In some circumstances we may anonymise your personal information so that it can no longer be associated with you, in which case we may use such information without further notice to you. Once you are no longer an employee, worker or contractor of the company we will retain and securely destroy your personal information in accordance with applicable laws and regulations. 

 

11. What are your rights under data protection laws?

Here is a list of the rights all individuals have under data protection laws.  They do not apply in all circumstances.  If you wish to exercise any of them we will explain at that time if they are engaged or not. 

  • The right to be informed about our processing of your personal information.
  • The right to have your personal information corrected if it is inaccurate and to have incomplete personal information completed.
  • The right to object to processing of your personal information.
  • The right to restrict processing of your personal information.
  • The right to have your personal information erased (the “right to be forgotten”).
  • The right to request access to your personal information and to obtain information about how we process it (see below for further details).
  • The right to move, copy or transfer your personal information (“data portability”).
  • Rights in relation to automated decision making which has a legal effect or otherwise significantly affects you.

You have the right to complain to the Information Commissioner’s Office which enforces data protection laws: https://ico.org.uk/.

 

12. What about data anonymisation and use of aggregated information?

Your personal information may be converted into statistical or aggregated data which cannot be used to re-identify you.  It may then be used to produce statistical research and reports.  This aggregated data may be shared and used in all the ways described in this privacy notice.

 

13. What about data privacy notices from other organisations?

We have mentioned we may sometimes collect additional information about you from third parties including background check agencies. Where appropriate we will share with you their Privacy Notices about how they will use your personal information to perform their services or functions as data controllers in their own right.  These notices are separate to our own.

 

14. How do we secure your personal data?

We have put in place appropriate security measures to prevent your personal information from being accidentally lost, used or accessed in an unauthorised way, altered or disclosed.

In addition, we limit access to your personal information to those employees, agents, contractors and other third parties who have a business need to know.
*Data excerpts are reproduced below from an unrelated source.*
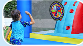
Dart Game 6 Hook & Loop Balls Included
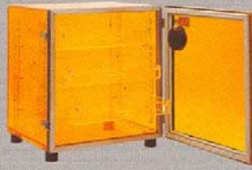
Orange Transparent (PO)
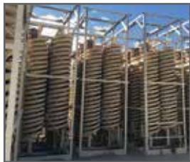
MP3141: MG7S Mineral Technologies Spirals: Bank of 8 Spirals - Triple Start 20 Banks Available. Condition: Very Good.

FOR FULL STOCK LIST & PHOTOGRAPHS SEE WEBSITE
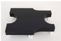
Gordon Hall Horizontal Panel (Tank Top), 2022 Oil-based enamel on poplar, cast concrete 3 x 18 1/2 x 14 1/4 in. 7.6 x 47 x 36.2 cm.

They will only process your personal information on our instructions and they are subject to a duty of confidentiality. We have put in place measures to protect the security of your information. Details of these measures are available upon request from the HR department.

Third parties will only process your personal information on our instructions and where they have agreed to treat the information confidentially and to keep it secure.
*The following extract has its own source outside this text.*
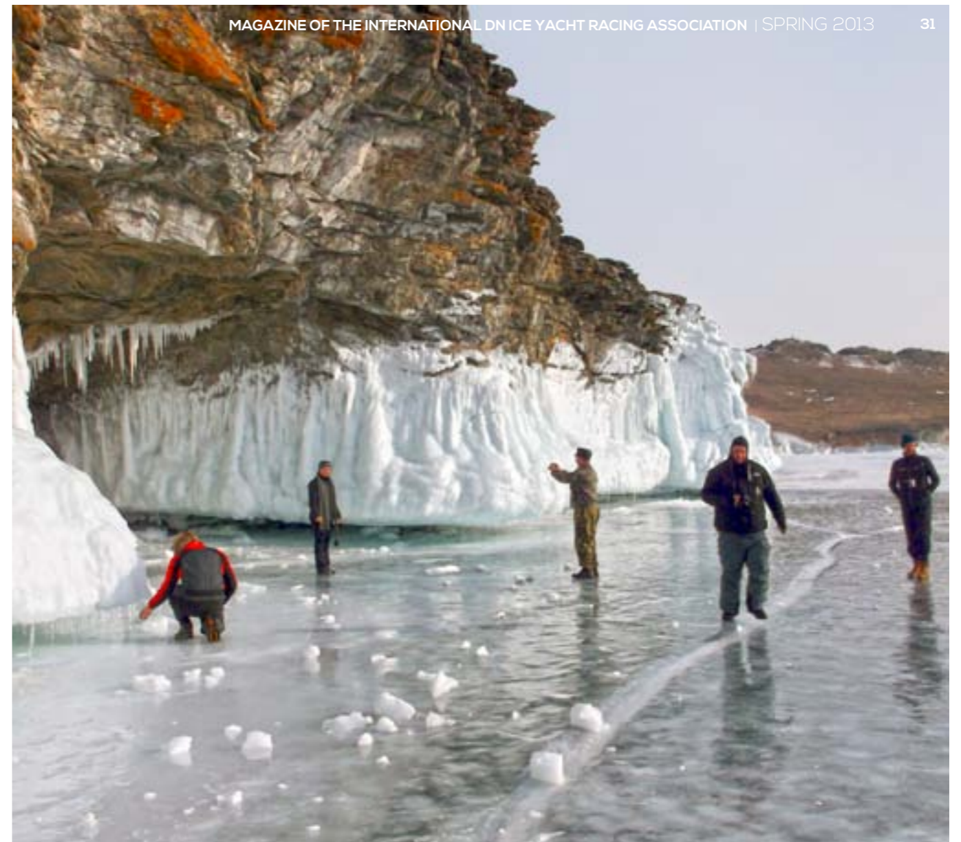
Visiting Baikal's ice caves via hovercraft tour that took us to the deepest part of the lake which is one mile deep.

A 27 foot high Buddhist stupa, considered to be offerings to deities, on the highest spot of Ogoy islet not far from the sailing area. This stupa is only one of two that exist in Russia and was built 2005.

We have put in place procedures to deal with any suspected data security breach and will notify you, and any applicable regulator, of a suspected breach where we are legally required to do so.

 

15. How do you request access to your personal data? 

In the first instance, you should make any request for access to your HR department.

We may need to request specific information from you to help us confirm your identity and ensure your right to access the information (or to exercise any of your other rights). This is another appropriate security measure to ensure personal information is not disclosed to any person who has no right to receive it.

You will not have to pay a fee to access your personal information (or to exercise any of the other rights). However, we may charge a reasonable fee if your request for access is clearly unfounded or excessive. Alternatively, and in exceptional circumstances only, we may refuse to comply with the request in such circumstances.